Ed, Went thought you assembly photos, but I was wondering, what is the story with the weld in the middle of your housing, did the shaft lenghten to clear the drive or was there some other reason? The trunion bearings, what were they originally, connecting rod caps? Definately like your torch circle cutter, may have to make one for A/O torch since I don't see myself getting a plasma cutter anytime soon.

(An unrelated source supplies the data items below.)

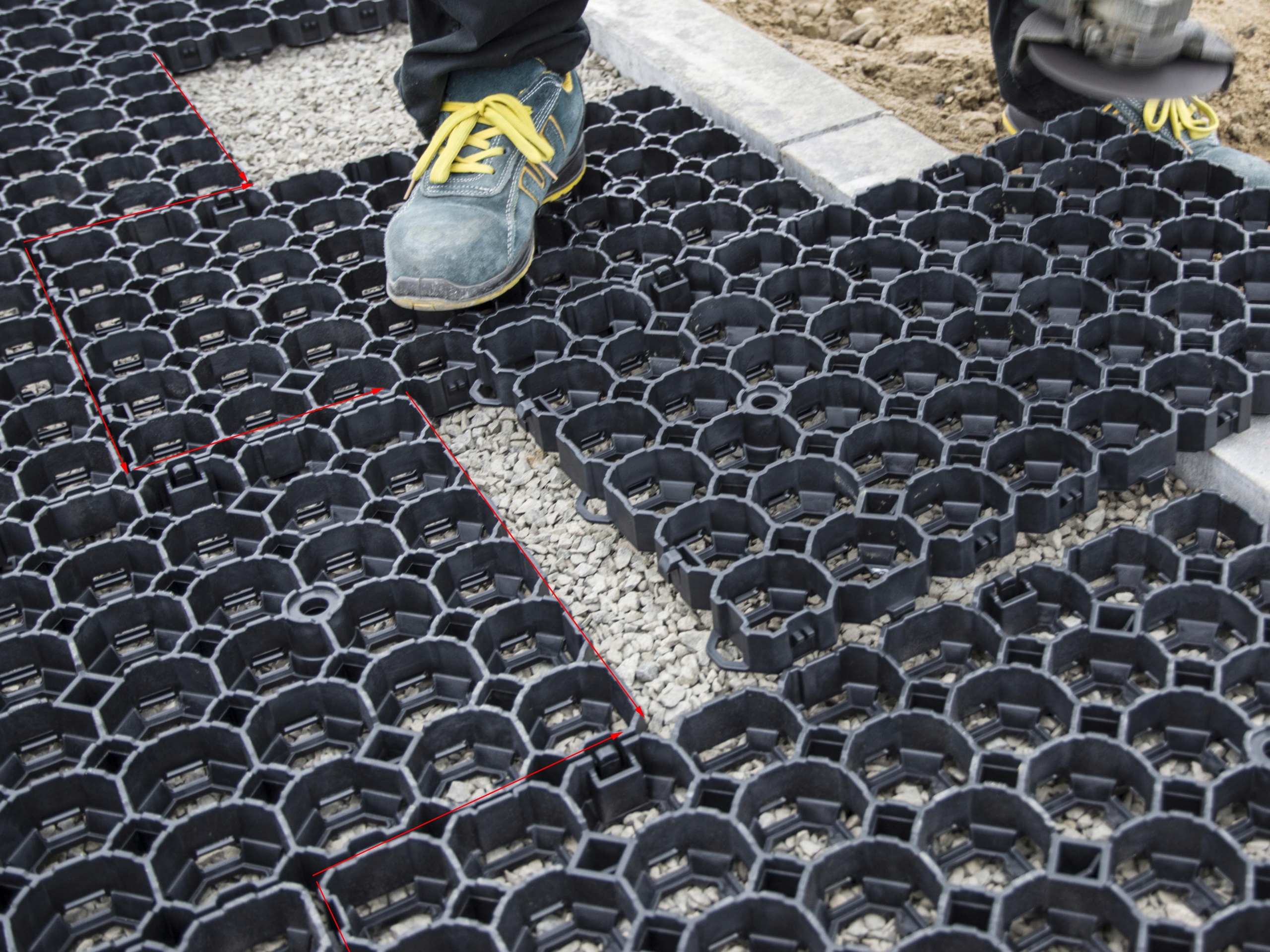 Решетка должна быть размещена с помощью сдвига (на кирпич), это позволяет вам усилить поверхность и долговечность связей в любом направлении использования. На краю области решетка можно разрезать с помощью угловой шлифовальной машины или ручной пилы, адаптируясь к бордюру или краю.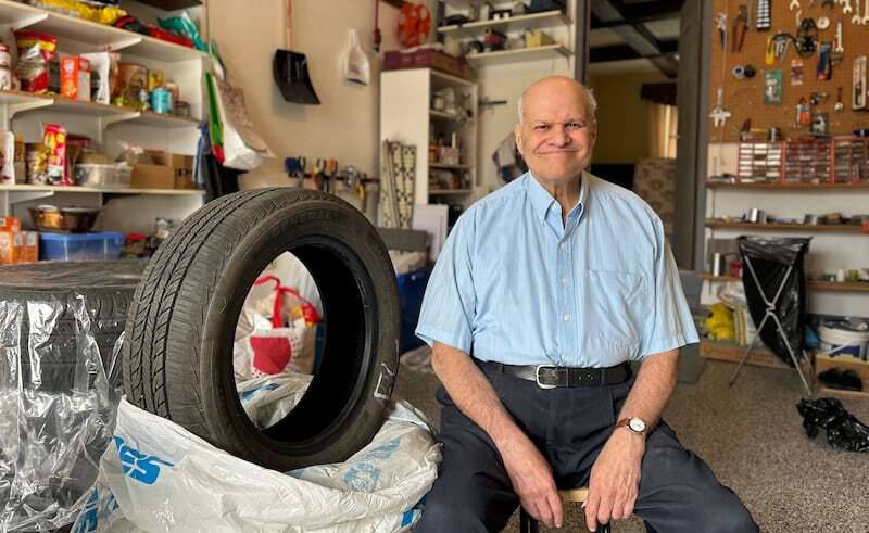 吉米·加哈迪 吉米·加哈迪站在他尝试在Facebook Marketplace上出售的轮胎前,但最终却被诈骗了。(Laurence Brisson Dubreuil/CTV News)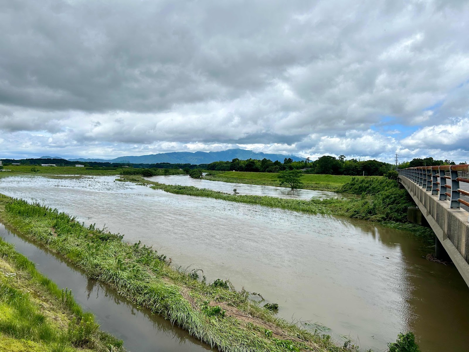 鹿児島市から肝付町に戻って来ましたが、肝付町では河川が増水、田園も大雨で浸水、大海原の様になっていました。何とか遠回りして自宅に戻れました。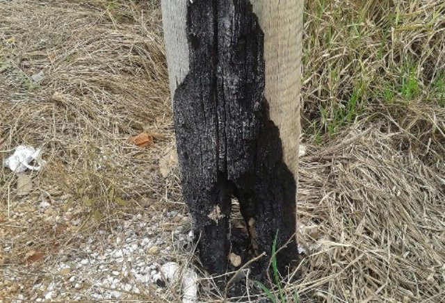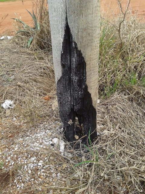 Um incêndio em um terreno baldio localizado na Rua João Gonçalves de Oliveira causou estragos em um poste de eucalipto da empresa Elektro, que teve a sua base atingida pelas chamas e por conta deste incidente ficou com a estrutura abalada.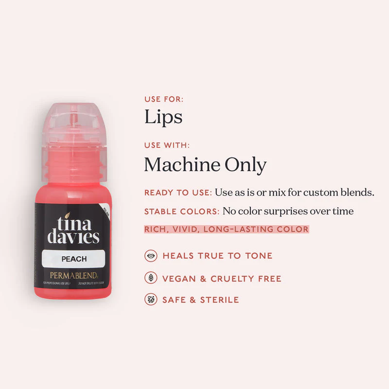 Peach – Tina Davies Lust Lip es un pigmento PMU de tono durazno cálido, formulado para aportar una calidez suave y natural en procedimientos de micropigmentación labial. Su color sutil permite realzar el tono natural de los labios, logrando un acabado equilibrado y delicado.
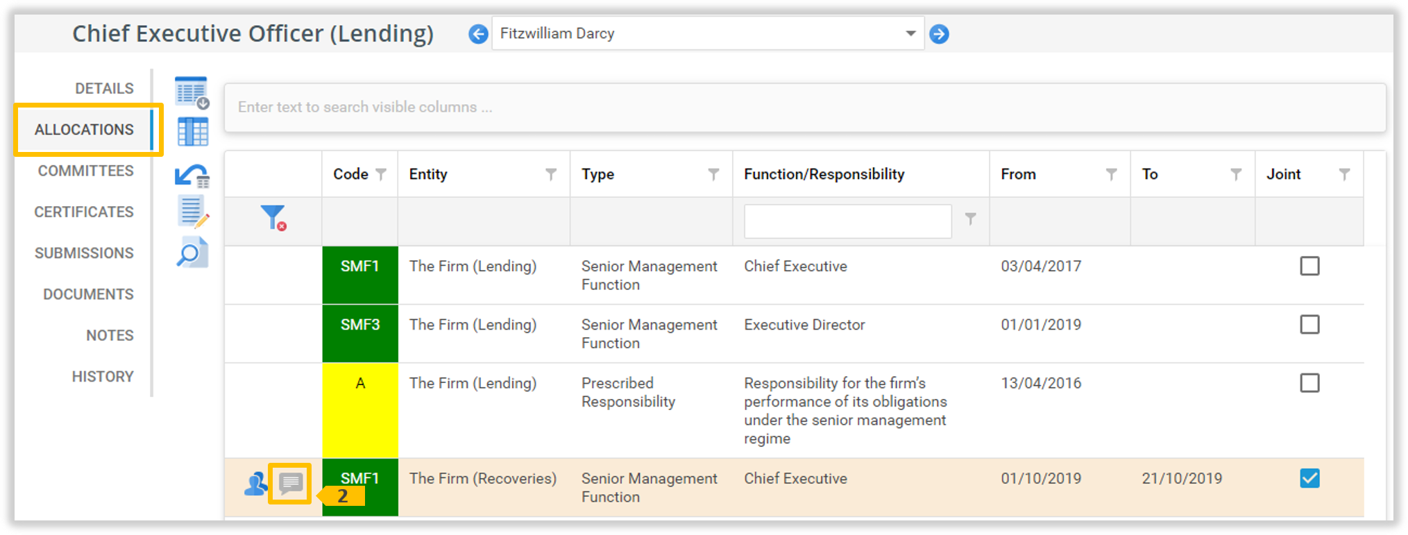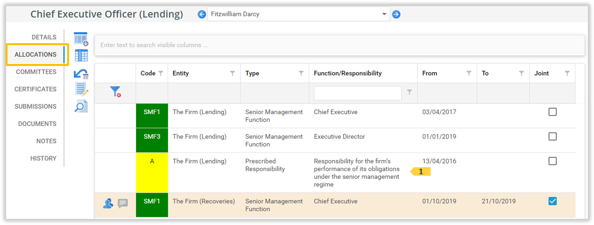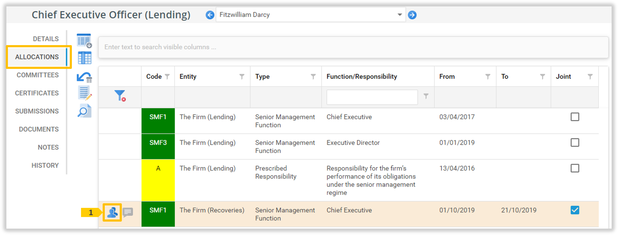 | 6 | Details Chevron | Click this icon to show, or hide, all SMCR records for this person. |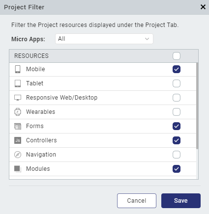 - From the Resources section, select the filters that you want to apply for the micro apps.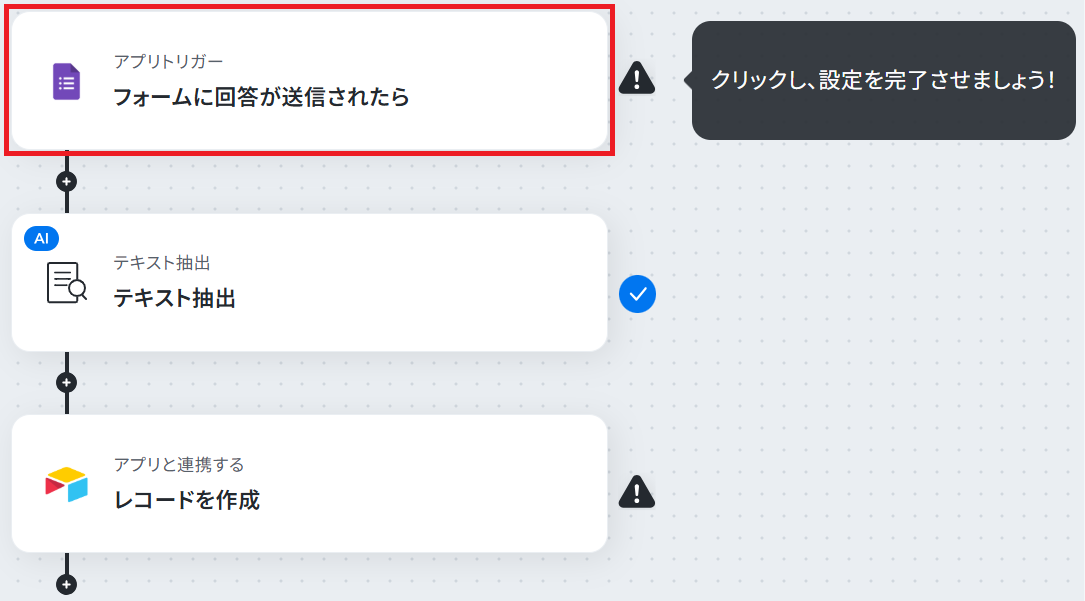 Googleフォームのトリガー設定、テキスト抽出設定、Airtableのアクション設定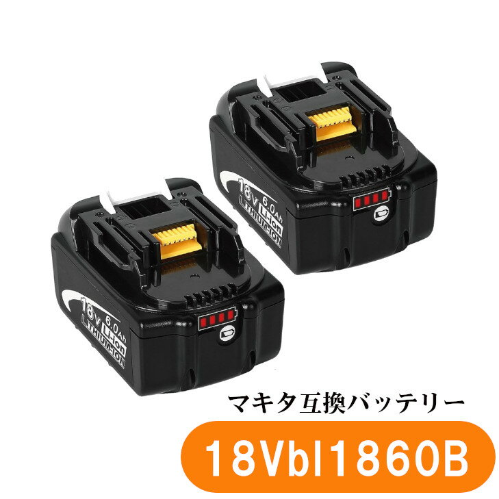 マキタ互換バッテリー 18v BL1860b 互換バッテリー 18V 6.0Ah 残量表示付 2個セット 充電器別売り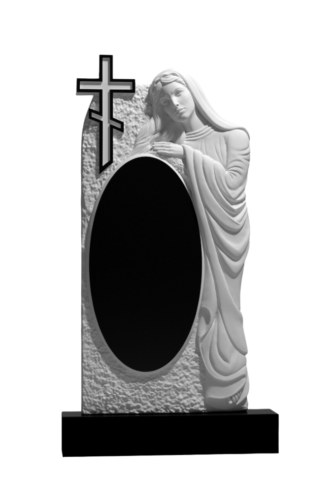 Данный памятник выполнен из камня, где центральный элемент — гладкая овальная вставка для портрета — контрастирует с фактурной, рустикальной поверхностью стелы. С правой стороны над ним склоняется объемная скульптура женщины в полный рост. Её поза и сложенные руки выражают тихую скорбь и заботу, а плавные линии одежды добавляют динамики. В верхнем левом углу расположен гладкий православный крест, создающий смысловой акцент. Единство матовой фактуры скульптуры и фона подчеркивает полированную центральную часть, формируя цельный, строгий и глубоко символичный образ вечной памяти и защиты.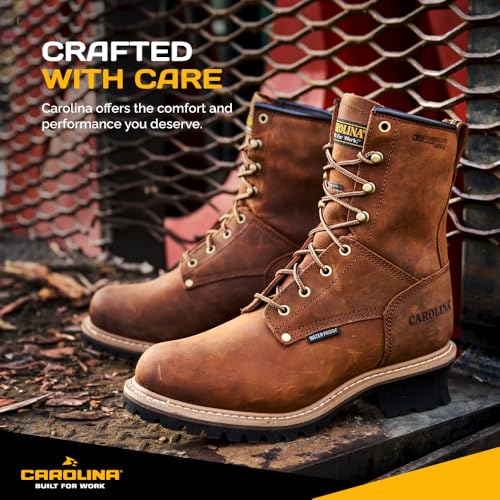 HOT ! Carolina Elm 8" Soft Toe Insulated Waterproof Logger Boots for Men - 600G Thinsulate, with Oil- & Slip-Resistant Rubber Lug Outsole, EH-Rated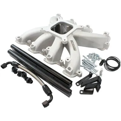 ‚Ģ This intake manifold does not work with factory OEM fuel rails and requires the use of Aeroflow Fuel Rail Kit included (AF6999-6000).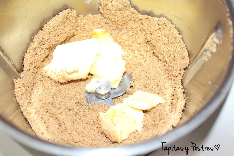 Con una batidora o picadora trituramos las galletas y el donut hasta hacerlos migas. Añadimos la mantequilla y mezclamos hasta obtener una pasta que pondremos en el fondo de un molde desmoldable. El mío es de 26 cm. Dejamos en la nevera un rato.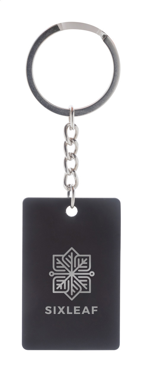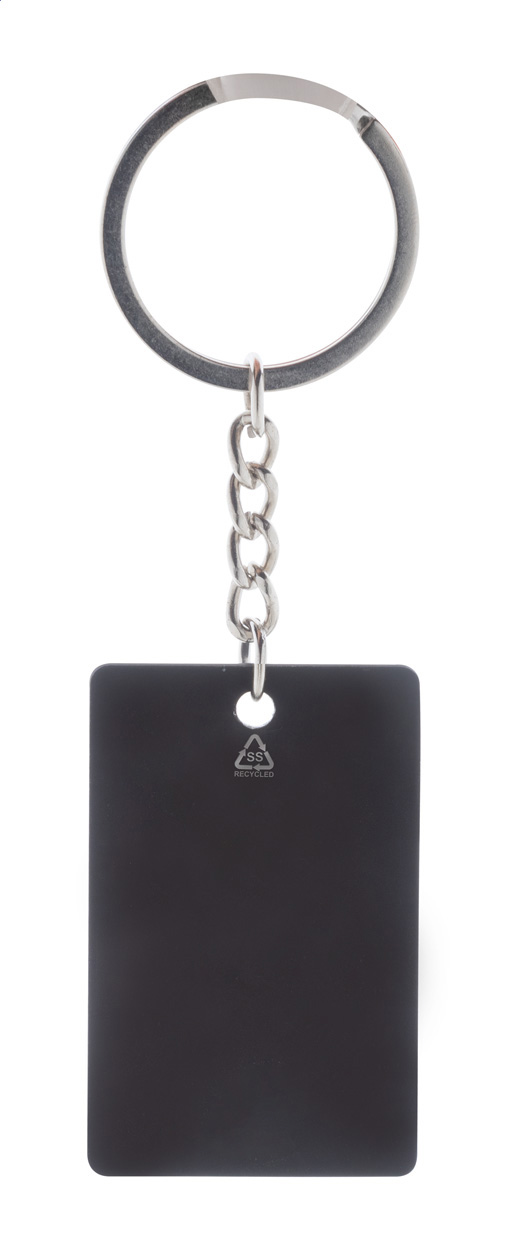 Rechteckiger Schlüsselanhänger aus recyceltem Edelstahl mit gummierter Oberfläche undspezieller Beschichtung für Spiegelgravuren.

One thing I am noticing, that is perplexing me, no one seems to be insulating their motors or controls. I would think 100+ amps would try to go to ground via your motor wire, thus torching everything. Is it that there is more resistance going through the motor housing then the ground cable that is preventing it (since electricity prefers the easy route)?

Thanks,

Rich C.
 
Hi Rich, The main reason for the 2-piece housing was to accommodate for the size of my mill vise.
The trunnion bearings are made from the caps of the crankshaft mains from an old MOPAR V8.
On the grounding for a DC welder: The motor is powered by a variable voltage AC to DC power supply. First step in that thing is a transformer that knocks the voltage down from 120V. The welders I use are a Miller wire feed, which has as the first step; a transformer that converts 230V to whatever. The other main welder around here is a Lincoln coffee grinder DC machine. First step in that one is a 3-phase motor that turns a DC generator. Many people don't realize this but one of the functions of any AC transformer is it isolates all of its output from any other voltage source in the world. Current made by a transformer is only interested in getting back to the same side of that same transformer. If you have a transformer that's making 200V @ 150 Amps, you can take the positive terminal lead from that transformer and touch it to anything you want -- big sheet of steel, pool of water, or your tongue and you will see no sparks, nor feel anything. Now take the negative lead from that transformer and ground it to the sheet of steel or hang on to it with your bare hand and you will see sparks when you touch the steel and feel juice flowing when you touch it to your tongue because it has an attraction to get back to the other side of the transformer winding. No matter which welder I may be using, the welding current flow is only interested in getting back to the other side of the device responsible for generating the current and really has no interest in going through the motor because there is nothing there that provides a path back to source. High frequency AC or high freq. pulsating DC is a different matter but since I don't TIG, there's no need to isolate the motor & controls.
 
One thing I am noticing, that is perplexing me, no one seems to be insulating their motors or controls. I would think 100+ amps would try to go to ground via your motor wire, thus torching everything. Is it that there is more resistance going through the motor housing then the ground cable that is preventing it (since electricity prefers the easy route)?

Thanks,

Rich C.


I was TIG welding a flange to a short aluminum tube for a guy when he tripped over my work cable and yanked the clamp off the "L" bracket near the tension spring (I clamp there to keep the ground path as short as possible), the arc stopped but the DC motor continued to rotate the chuck.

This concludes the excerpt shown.